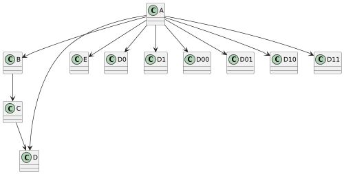 @startuml scale 500 width class A class B A --> B B --> C C --> D A --> D A --> E A --> D0 A --> D1 A --> D00 A --> D01 A --> D10 A --> D11 @enduml
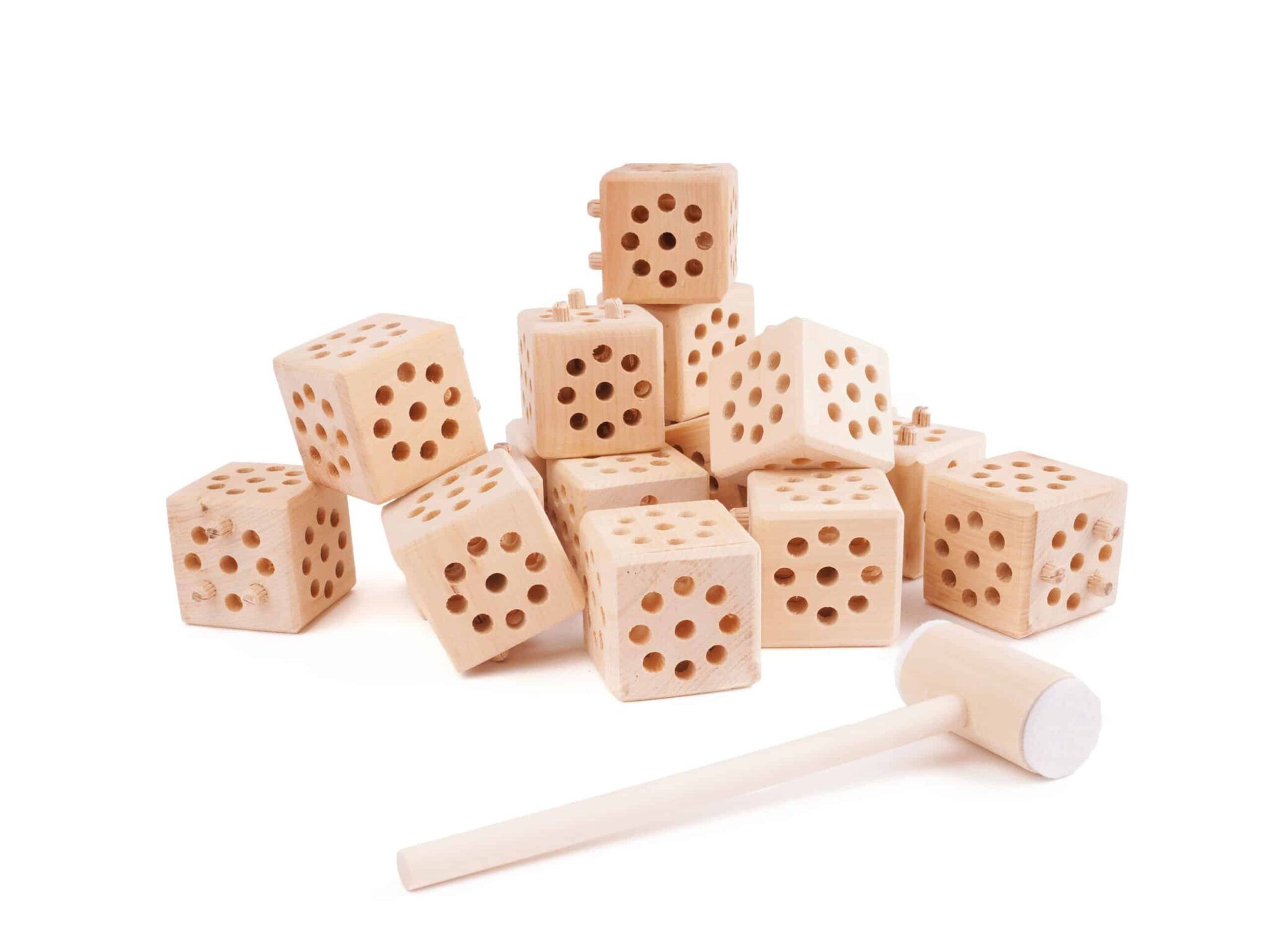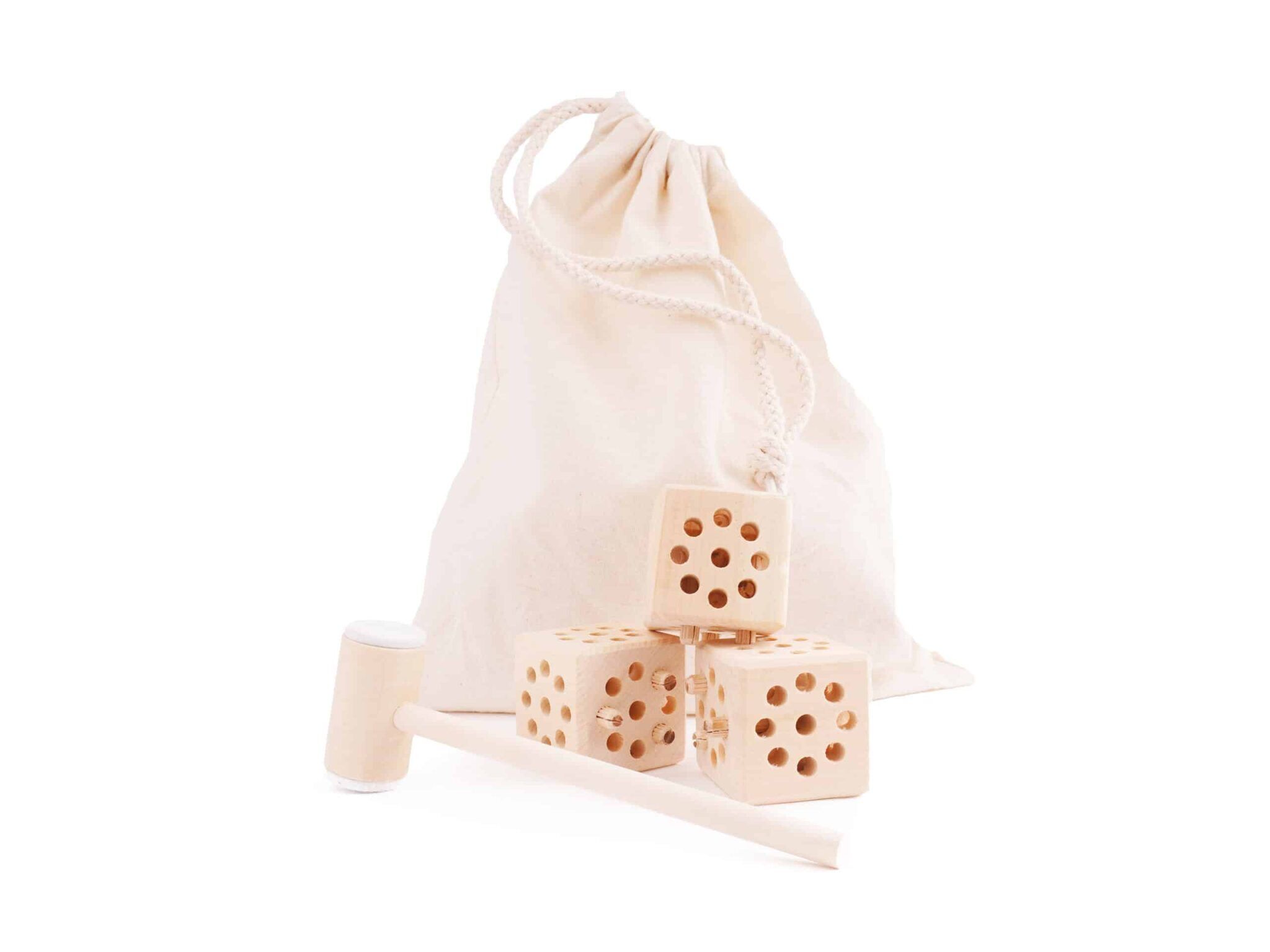 Für Kinder ab 2 Jahren geeignet, mit Holzhämmerli und verpackt in Stoffbeutel.
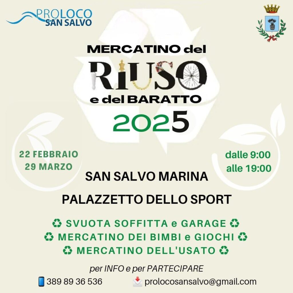 SAN SALVO. “La Pro Loco San Salvo invita la cittadinanza a recarsi domani, sabato 22 febbraio, presso il palazzetto dello Sport di San Salvo Marina per visitare il mercatino del Riuso per cercare oggetti che possano essere ancora utili per loro
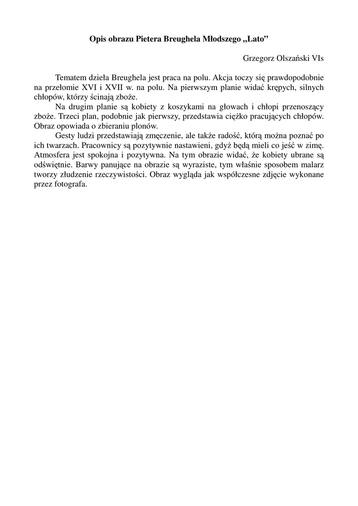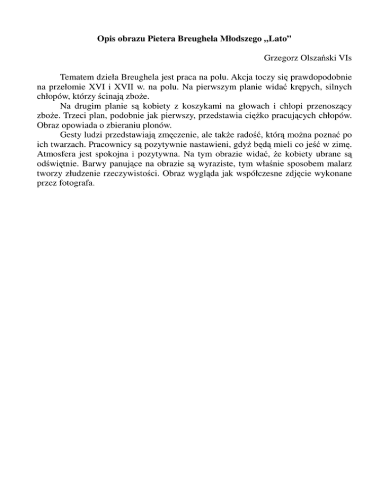 Opis obrazu Pietera Breughela Młodszego „Lato” Grzegorz Olszański VIs Tematem dzieła Breughela jest praca na polu. Akcja toczy się prawdopodobnie na przełomie XVI i XVII w. na polu. Na pierwszym planie widać krępych, silnych chłopów, którzy ścinają zboże. Na drugim planie są kobiety z koszykami na głowach i chłopi przenoszący zboże. Trzeci plan, podobnie jak pierwszy, przedstawia ciężko pracujących chłopów. Obraz opowiada o zbieraniu plonów. Gesty ludzi przedstawiają zmęczenie, ale także radość, którą można poznać po ich twarzach. Pracownicy są pozytywnie nastawieni, gdyż będą mieli co jeść w zimę. Atmosfera jest spokojna i pozytywna. Na tym obrazie widać, że kobiety ubrane są odświętnie. Barwy panujące na obrazie są wyraziste, tym właśnie sposobem malarz tworzy złudzenie rzeczywistości. Obraz wygląda jak współczesne zdjęcie wykonane przez fotografa.
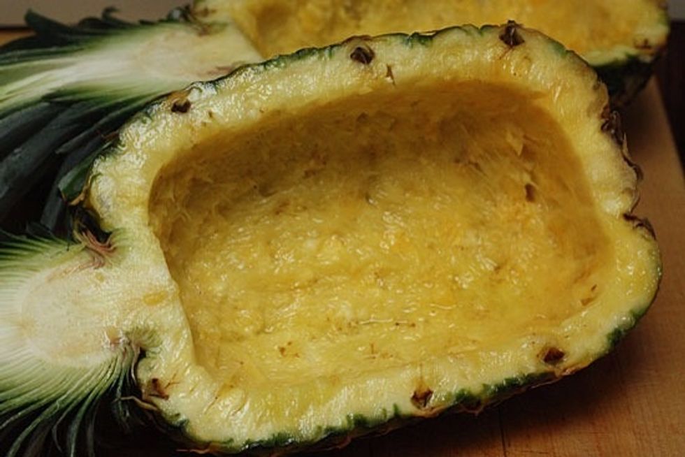Cut a pineapple in half and hollow out both halves to make two bowls.
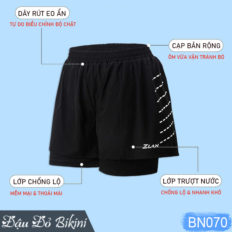 - Quần bơi 2 lớp: Quần gồm lớp trong ôm sát, co giãn, giúp cố định chắc chắn và lớp ngoài dạng short rộng rãi, mang lại sự kín đáo. Đường sọc trắng dọc hai bên quần tạo phong cách năng động, đồng thời dây rút thắt lưng giúp điều chỉnh kích cỡ dễ dàng, phù hợp với mọi vòng eo.
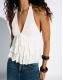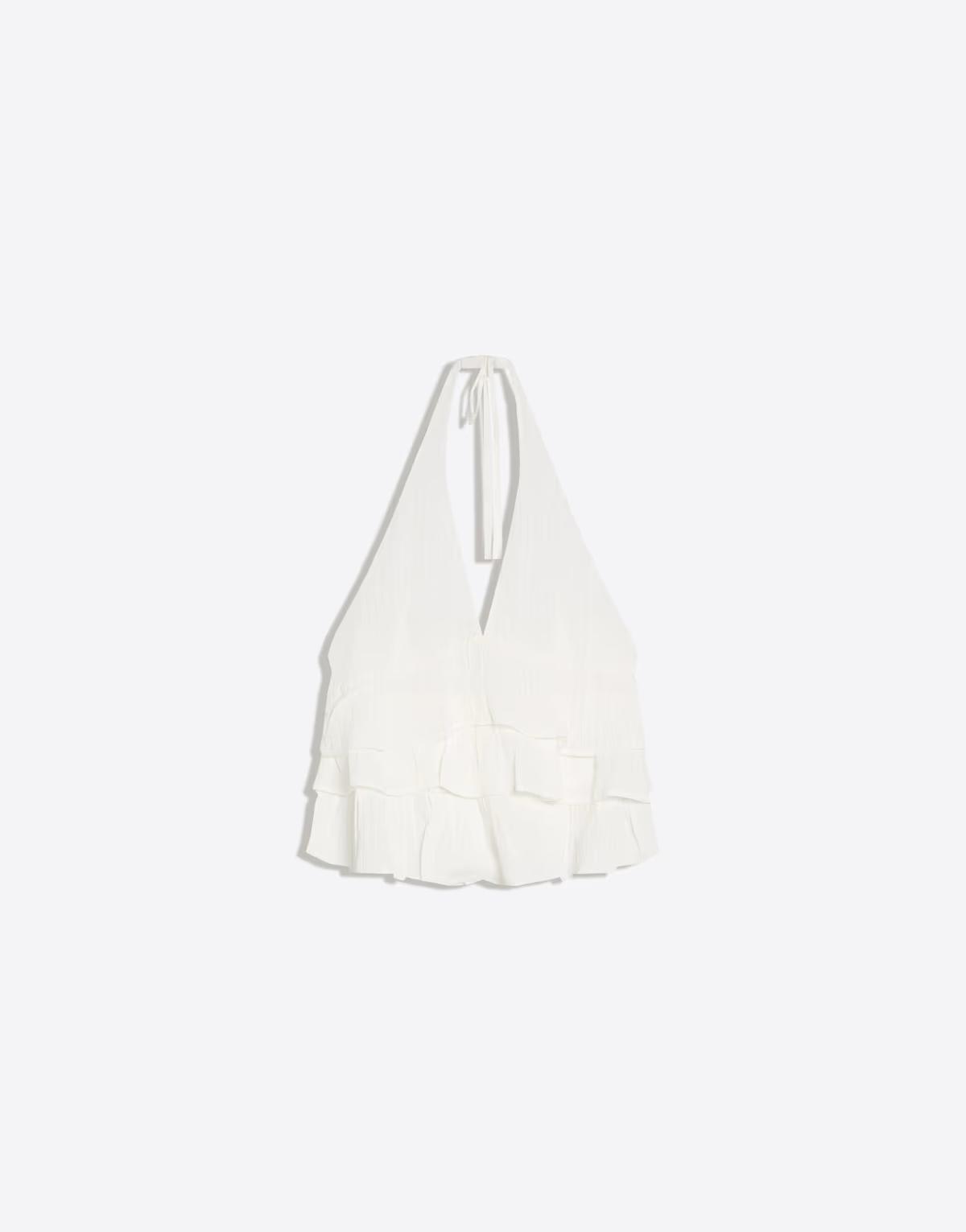 Bershka Shimmery ruffle top in white
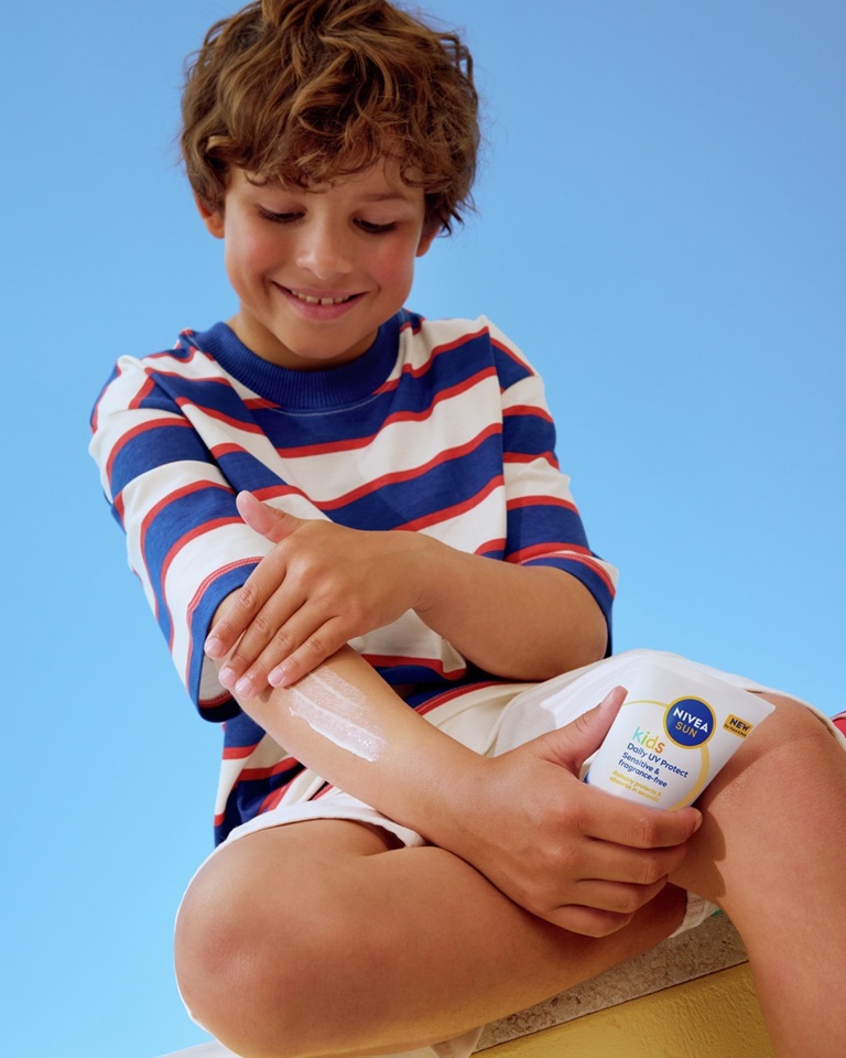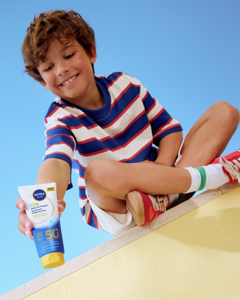 NIVEA SUN Kids Daily UV Protect dječji losion u tubi SPF 50+ za osjetljivu dječju kožu je bez mirisa, brzo se upija i pruža vodootpornu zaštitu od sunca. Savršen za svakodnevnu upotrebu, za lice i tijelo.
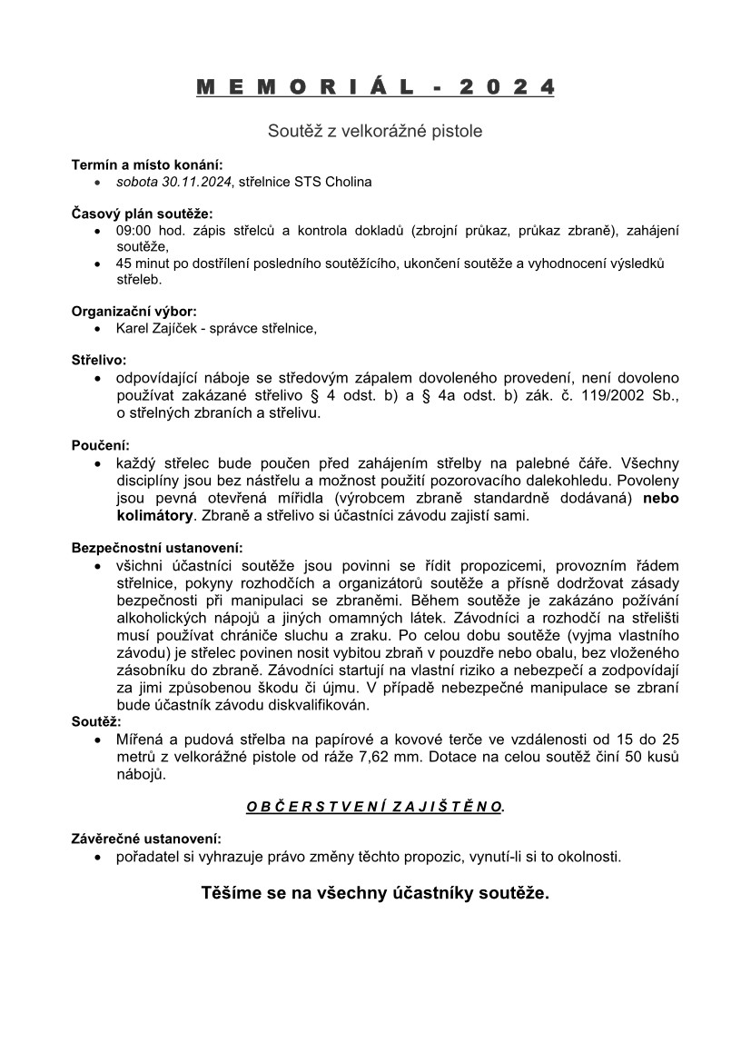 Pozvánka na klubovou soutěž M E M O R I Á L - 2024
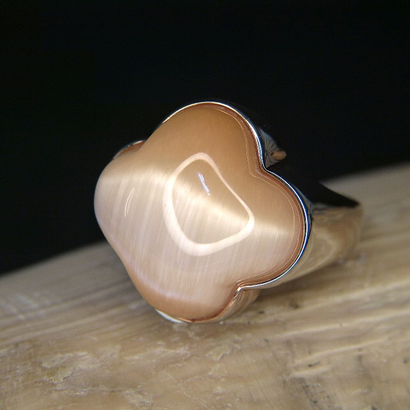 Auffälliger Ring aus rosèvergoldetem Silber 925/- mit einer Einlage aus Fiberoptik.
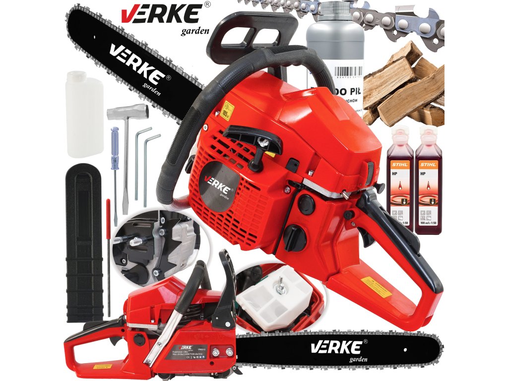 Benzínová řetězová pila renomované značky VERKE GARDEN s velmi silným a výkonným motorem 3,4 HP je nenahraditelným zařízením pro každého pilaře. Vysoký výkon pily si poradí s různými druhy dřeva a stromů, ideálně se hodí pro řezání palivového dřeva i pro prořezávání větví. Je vybavena systémem Easy Start, který výrazně snižuje sílu potřebnou k nastartování motoru. Pila má také systém proti vibracím a automatické mazání. Dobře umístěná rukojeť a těžiště zařízení umožňují dlouhodobou práci bez únavy. Pila se vyznačuje velmi dobrou kvalitou zpracování a vynikajícími komponenty použitými při její výrobě. Její nízká hmotnost a vysoký výkon z ní činí nenahraditelného pomocníka v každé domácnosti.
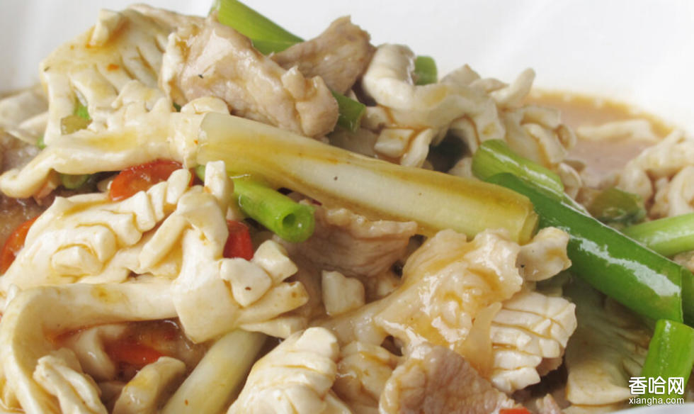 制法:1、準(zhǔn)備工作:羅漢筍切段,入開水氽過; 將魷魚剝?nèi)ブは磧?,用刀劃上網(wǎng)狀花刀,切條放碗內(nèi),加精鹽1.5克,濕淀粉10克抓勻。 雞胗洗凈,片去內(nèi)外筋皮,用刀劃上間隔1.5毫米的十字花刀,切條放另一碗內(nèi),加精鹽1克,濕淀粉5克抓勻。 清湯、紹酒、味精、精鹽、濕淀粉對成芡汁。2、烹調(diào):炒勺放旺火上,加白油,燒至八成熟時,把雞胗、魷魚下入油內(nèi),用鐵筷迅速撥散,倒入漏勺內(nèi);炒勺內(nèi)留油25克,放入蔥、姜、蒜末炸出香味,隨即倒入雞胗、魷魚及筍段和對好的芡汁,顛翻兩下,盛入盤內(nèi)即成。
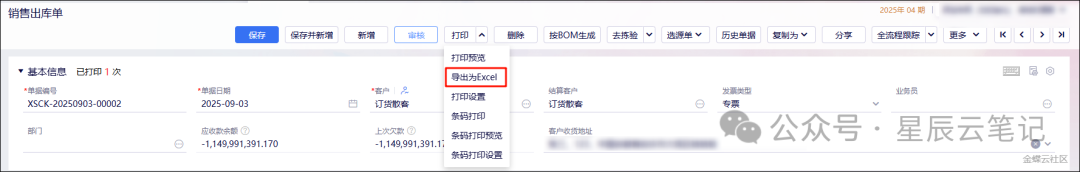 列表支持单张单的“导出为Excel”以及多张单合并分录后的“合并导出为Excel”

*Action item*.
Output only the lines above from the line that holds "Opis obrazu Pietera" through the line that holds "Auffälliger Ring aus", both ends included, and exclude pictures.

*Solution*.
 Opis obrazu Pietera Breughela Młodszego „Lato” Grzegorz Olszański VIs Tematem dzieła Breughela jest praca na polu. Akcja toczy się prawdopodobnie na przełomie XVI i XVII w. na polu. Na pierwszym planie widać krępych, silnych chłopów, którzy ścinają zboże. Na drugim planie są kobiety z koszykami na głowach i chłopi przenoszący zboże. Trzeci plan, podobnie jak pierwszy, przedstawia ciężko pracujących chłopów. Obraz opowiada o zbieraniu plonów. Gesty ludzi przedstawiają zmęczenie, ale także radość, którą można poznać po ich twarzach. Pracownicy są pozytywnie nastawieni, gdyż będą mieli co jeść w zimę. Atmosfera jest spokojna i pozytywna. Na tym obrazie widać, że kobiety ubrane są odświętnie. Barwy panujące na obrazie są wyraziste, tym właśnie sposobem malarz tworzy złudzenie rzeczywistości. Obraz wygląda jak współczesne zdjęcie wykonane przez fotografa.
Cut a pineapple in half and hollow out both halves to make two bowls.
 - Quần bơi 2 lớp: Quần gồm lớp trong ôm sát, co giãn, giúp cố định chắc chắn và lớp ngoài dạng short rộng rãi, mang lại sự kín đáo. Đường sọc trắng dọc hai bên quần tạo phong cách năng động, đồng thời dây rút thắt lưng giúp điều chỉnh kích cỡ dễ dàng, phù hợp với mọi vòng eo.
 Bershka Shimmery ruffle top in white
 NIVEA SUN Kids Daily UV Protect dječji losion u tubi SPF 50+ za osjetljivu dječju kožu je bez mirisa, brzo se upija i pruža vodootpornu zaštitu od sunca. Savršen za svakodnevnu upotrebu, za lice i tijelo.
 Pozvánka na klubovou soutěž M E M O R I Á L - 2024
 Auffälliger Ring aus rosèvergoldetem Silber 925/- mit einer Einlage aus Fiberoptik.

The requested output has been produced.